Dairy Processing

Before heat treatment of milk products was adopted, milk was a source of infection, as it is an ideal growth medium for microorganisms.

Pasteurization is a heat treatment process that extends the usable life of milk and reduces the number of spoiling microorganisms to levels at which they do not represent a significant health hazard.

According to their legislation, the pasteurization process may vary from one country to another.

Milk can be processed further to convert into high-value, concentrated, and easily transportable dairy products with long shelf-lives, such as butter, cheese, and ghee.

Many different types of products are prepared by dehydration nowadays using dryers in operation in various industries like chemical, food, pharmaceutical, process, and dairy.
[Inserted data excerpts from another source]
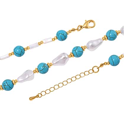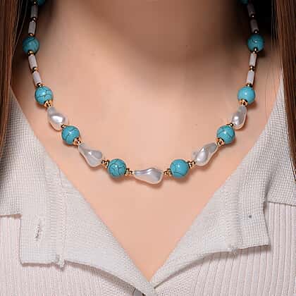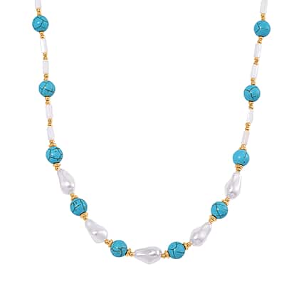 Designer Inspired - White Shell Pearl & Blue Howlite Necklace (Size 18-2 Ext) 125.00 Ct.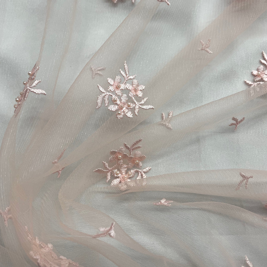 1 Yard - Beaded Lace Fabric Embroidered on 100% Polyester Net Mesh - Ivory - 54" Wide - Peach is backordered and will ship as soon as it is back in stock.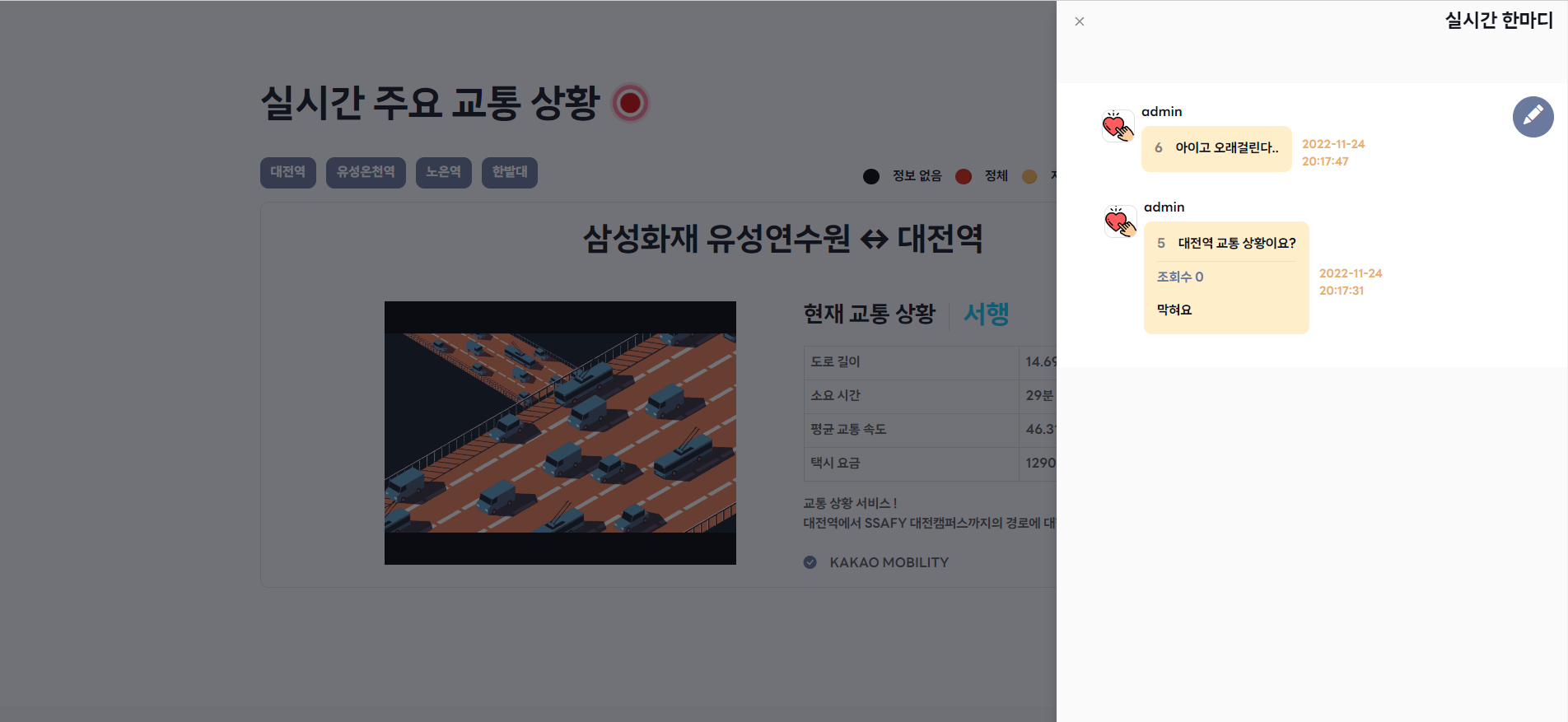 - ์ฃผ์ ์ง์ญ ์ค์๊ฐ ๊ตํต ์ํฉ

Lowering the water content in bulk products can be achieved in different ways and means.

The process industry offers a wide variety of dryers, in which the correct selection is subject to the desired characteristics of the final product.

Separation

The conventional process for producing milk powders starts with taking the raw milk received at the dairy factory and pasteurizing and separating it into skim milk and cream using a centrifugal cream separator.

Preheating

The successive milk powder processing step is “preheating,” The standardized milk is heated to temperatures between 75 and 120 °C. Preheating causes a controlled denaturation of the whey proteins in the milk, and it destroys bacteria, inactivates enzymes, generates natural antioxidants, and imparts heat stability.

Evaporation

Evaporation is used to concentrate whole milk, skim milk, whey, whey protein concentrates and permeate from membrane filtration modules. Water is evaporated using indirect heating. Product and heating medium (steam) are kept separate from one another utilizing a special steel sheet. The heat released during the condensing of the moisture is transferred to the product via the partition. Evaporation also constitutes the preliminary stage of the drying of the said products.

Spray drying

Spray drying involves atomizing the milk concentrate from the evaporator into fine droplets. This is done inside a large drying chamber in a hot air flow (up to 200°C) using either a spinning disk atomizer or a series of high-pressure nozzles. The milk droplets are cooled by evaporation, and they never reach the temperature of the air. The concentrate may be heated before atomization to reduce its viscosity and increase the energy available for drying.

Secondary drying

Secondary drying takes place in a fluid bed or in a series of such beds, in which hot air is blown through a layer of fluidized powder removing water to give a product with a moisture content of 2-4%. Safety measures must be taken to prevent fires and to vent dust explosions should they occur in the drying chamber.

Packaging and storing of milk powder

Milk powders are immensely more stable than fresh milk, but protection from moisture, oxygen, light, and heat is needed to maintain their quality and shelf life. Milk powders readily take up moisture from the air, leading to a rapid loss of quality and caking or lumping.

Milk powder is packed into either plastic-lined multi-wall bags or bulk bins. Whole Milk Powders are often packed under nitrogen gas to protect the product from oxidation, maintain their flavor, and extend their keeping quality.

The packaging is chosen to provide a barrier to moisture, oxygen, and light. Bags generally consist of several layers to provide strength and the necessary barrier properties.

Shipments of milk powder should never suffer prolonged exposure to direct sunshine, especially in tropical countries. During transshipment, a few hours at elevated temperatures (> 40°C) can undo many weeks of careful storage.

The manufacture of agglomerated milk powder initially follows the standard evaporation and drying process.

However, during spray drying, small particles (fines) of milk powder leaving the dryer are recovered in cyclones and returned to the drying chamber near the atomizer.

The wet concentrate droplets collide with the fines and stick together, forming larger irregular-shaped “agglomerates.” Agglomerated milk powder disperses in water more rapidly and is less dusty and easier to handle than standard milk powder.

Large amounts of energy are consumed in milk powder technology, so milk powder manufacturing plants developed over the years have become increasingly more energy efficient.

Milk powder production involves many thermal processes, making it highly energy-consuming. In the past decades, the current production process has been significantly optimized.

The introduction of new milk powder technology will be the key. Optimization of single process units will influence up-and downstream process units. Therefore, it is crucial to take the whole production chain into account.

The goal is to design an optimization routine that takes energy and water consumption, Lifecycle assessment (LCA), and economic aspects into account, resulting in a sustainable milk powder production chain.